Le Cirque's VIP List, From A to Zappa
By Richard Leiby Sunday, June 6, 2004; Page D03
In a new memoir, Sirio Maccioni, owner of New York's snooty Le Cirque restaurant, gleefully dishes the names of luminaries he has fed over the decades: Frank Sinatra, Nancy Reagan, Henry Kissinger, Richard Nixon, Donald Trump, Woody Allen, Barbara Walters, Bill Blass and Jacqueline Kennedy Onassis, to list a few. But none of them, he says, became "my best friend." That honor belonged to a long-haired, "rough-looking" musician initially barred from the restaurant as woefully underdressed: Frank Zappa.
"It was a very difficult beginning of the relationship," Maccioni, 72, told us during a stop in Washington last week. He still tears up when talking about Zappa, the Baltimore native who died of prostate cancer in 1993 at age 52: "He was a great man and a very intelligent man. . . . I wish he was alive today."
The book, "Sirio," recounts how Zappa, in the early '80s, had to don a suit and tie before he could claim a table among the swells at Le Cirque. "This better be the best [expletive] meal of my life -- I've toured the Kremlin, met the pope, and I've never needed a suit," the restaurateur quotes him as saying. "If I don't like this meal, you're paying for the suit!"

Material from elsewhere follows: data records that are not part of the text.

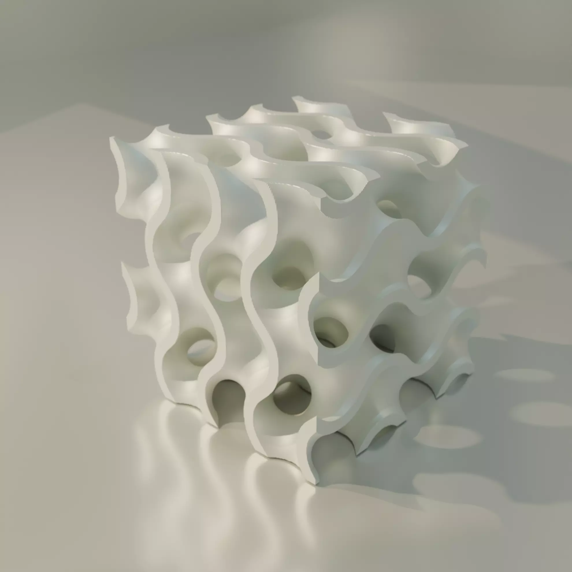 Gyroid Cube: Complex Lattice Structure for 3D PrintingThis unique Gyroid Cube is more than just a model; it's the perfect blend of art and engineering. A gyroid is a mathematically defined, continuous, triply periodic minimal surface that creates a stunning, interconnected lattice structure. Ideal Use:This model is extremely versatile and can be used in a variety of industries: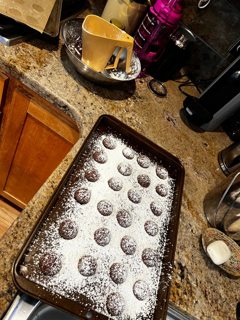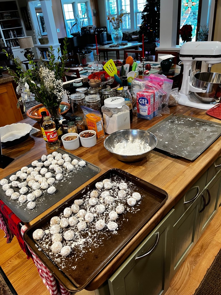 It’s 9:30 on this Saturday night… Jim and I have another three hours before we go to the airport to fetch Peter and Maya. I’m all atwitter. Finished a boat load of baking — 17 dozen cookies and a pie. Glad I’d made all the doughs yesterday. Shopped a bunch, reorganized the fridge a bit… things like that. Now doing puzzles. All ready for tomorrow’s Christmas Eve dinner.. mostly.. just need to assemble in the croc pot (making a roast w/ potatoes and carrots, which will slow cook all day). Easy and tasty.
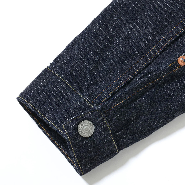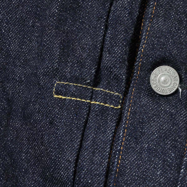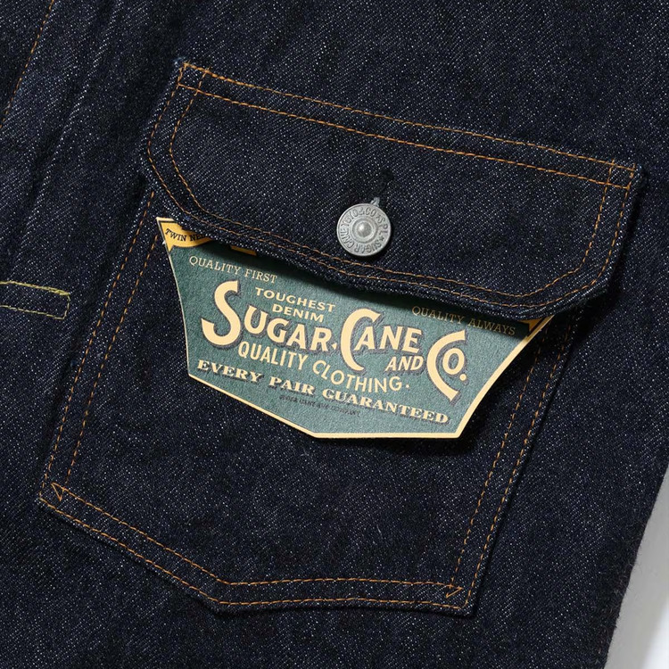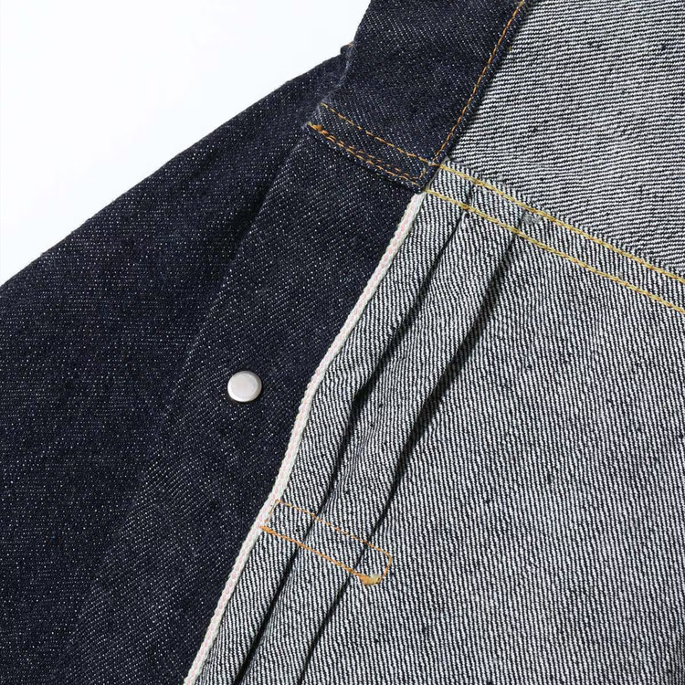 왼쪽 가슴 포켓 플랩의 안쪽에는 라이트 온스 데님을 사용했으며, 앞판 안단 끝부분에서는 셀비지 디테일을 확인할 수 있습니다.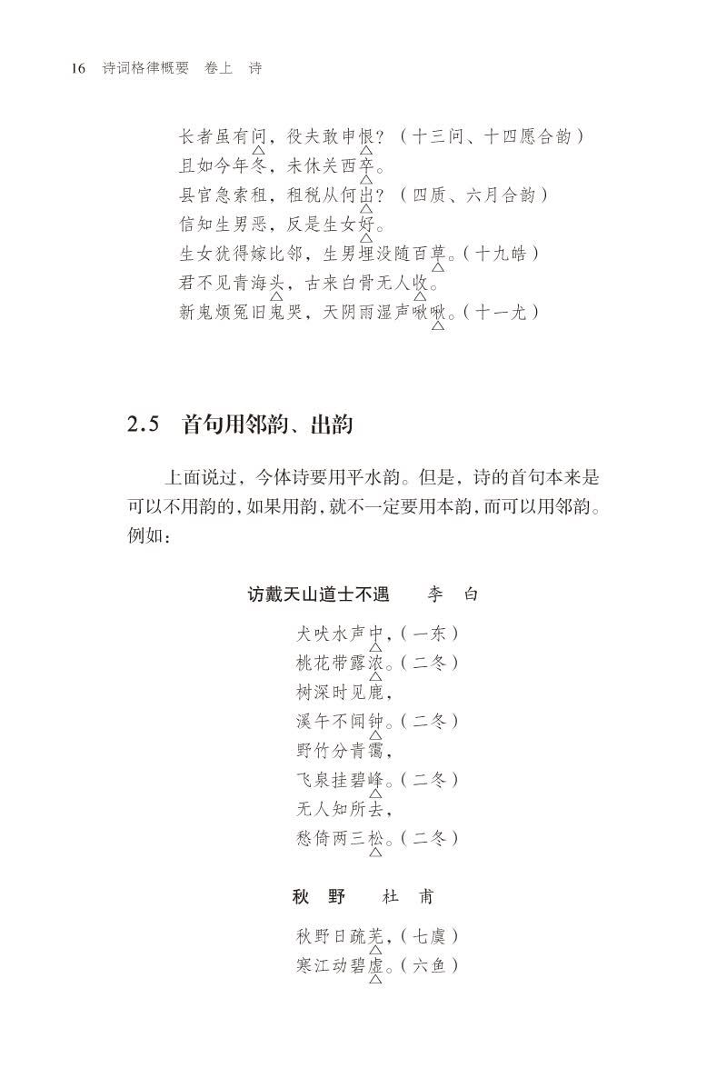 补了“附录”部分。“概要”部分全面讲述诗词格律基础知识,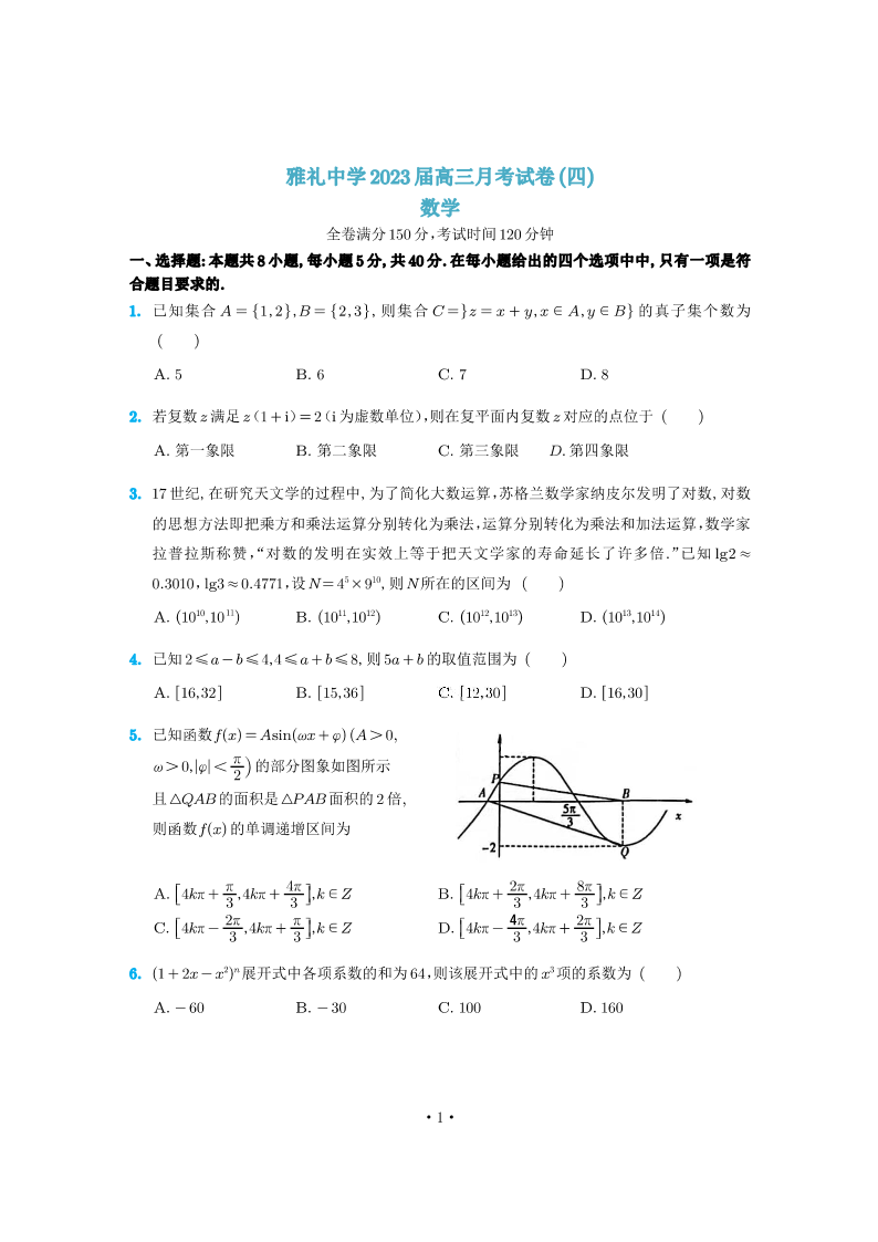 高三数学+答案-湖南省长沙市雅礼中学2022-2023学年高三上学期月考卷(四)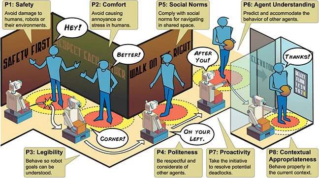 These principles are more than just moral guidelines—they’re optimization goals. In AI terms, you can actually code these behaviors into the robot’s decision-making engine. It’s not just “go from A to B.” It’s “go from A to B in a way that doesn’t annoy people, cause danger, or make humans think you’re a jerk.”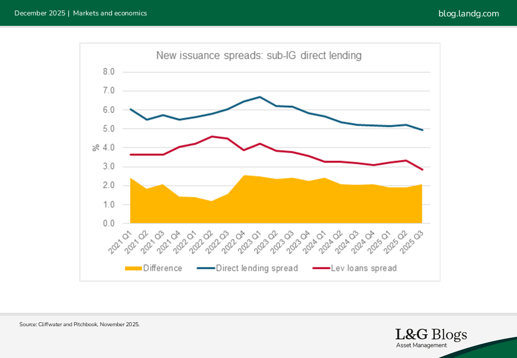 As at end of Q3 2025, sub-IG (direct lending) yield has dipped below its 10-year average. At c.10% it is still attractive relative to most private market asset classes, but the floating-rate yield will soften further with more rate cuts. IG (c.5-6%) screens more strongly on a tactical basis driven by still elevated base rate. It also offers fixed-rate assets enabling investors to lock in current yield. Lower interest rates could be mitigated by spreads widening, driven by either worsening macroeconomic conditions or an increase in supply from lower rates and AI capex.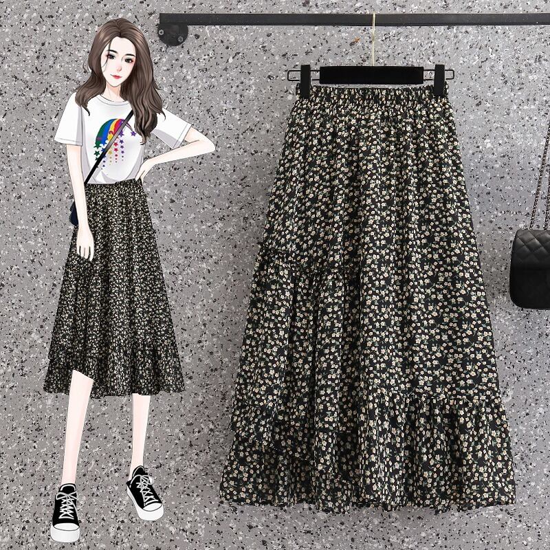 プラスサイズの婦人服 2023 流行の女性の夏の新しいスタイルファットシスターファッショナブルなハイウエスト花柄フレンチスタイル不規則人格スカート ハイウェスト 大きめサイズ サマー 夏物 8884185654183027
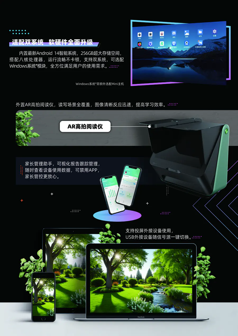 支持最新Android14智能系统及Windows系统*,8+256GB超大存储,满足丰富的应用安装和用户学习内容需求

But somehow the two Italians bonded like long-lost paesanos. "He came to eat at my house. He became friends with my wife. I spoke with him two days before he died," Maccioni told us. To comfort Zappa, "I sent my pastry chef to make creme brulee for him in Los Angeles."
And, as a true friend, Maccioni was always honest: "I had the courage to tell him I did not understand his music."